Numerical investigation on effects of rivulet and cable oscillation of a stayed cable in rain-wind-induced vibration

摘要

Rain-wind-induced vibration (RWIV) appeared on cable stayed bridges involves complicated fluid and structure interactions and its mechanism is not fully understood. It is believed that the upper-rivulet which is often seen when the RWIV occurs plays an important role. In this paper, a numerical investigation on the effects of the upper rivulet on the aerodynamic forces of the cable and the interaction between the fluid flow and the cable oscillation is carried out where the cable with the upper-rivulet is modeled by a circular cylinder with an arch attachment. The Reynolds number of 6.8×10~4 is selected. The large-eddy simulation (LES) method with Smagorinsky-Lilly modeling is employed to simulate the 3-D turbulent flow field, and a moving mesh method is introduced to deal with the oscillation of the cylinder.
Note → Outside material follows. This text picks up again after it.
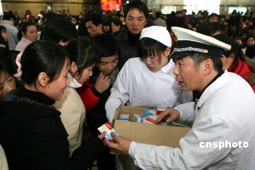 持續(xù)的大范圍災(zāi)害性雨雪天氣給回鄉(xiāng)過春節(jié)的旅客帶來不便。2月5日,中國海軍上海保障基地派出醫(yī)療隊(duì),冒著嚴(yán)寒來到上海火車站免費(fèi)為旅客送醫(yī)送藥。中新社發(fā) 穆東祥 攝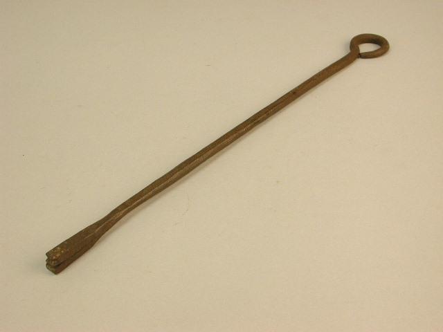 - BeschrijvingBrandmerkijzer die de afdruk DR in een cirkel nalaat. Op lange pin. Het merk zit in reliƫf op een ronde dop op een stevige staaf die in een punt eindigt. De letters 'DR' staan voor 'Dinther'.

The aerodynamic forces on the cylinder and the flow patterns around the cylinder are analyzed for both steady and oscillation status of the cylinder with the rivulet attachment in different position angle ranged from 0° to 60°. The results show that the aerodynamic forces on the cylinder change largely with the position angle of the rivulet attachment. In the steady cases, a uniform recirculation flow along the axial direction of the cylinder forms behind the cylinder; whereas in the oscillation cases, a 3-D periodical recirculation flow appears along the axial direction. The scales of these recirculation zones are influenced by both the position angle of the rivulet and the dynamic status of the cylinder. The results also show that there exists a rivulet position angle where the aerodynamic force on the cable and flow pattern around the cable both change dramatically. This critical position angle is found to be 45° for the cases studied.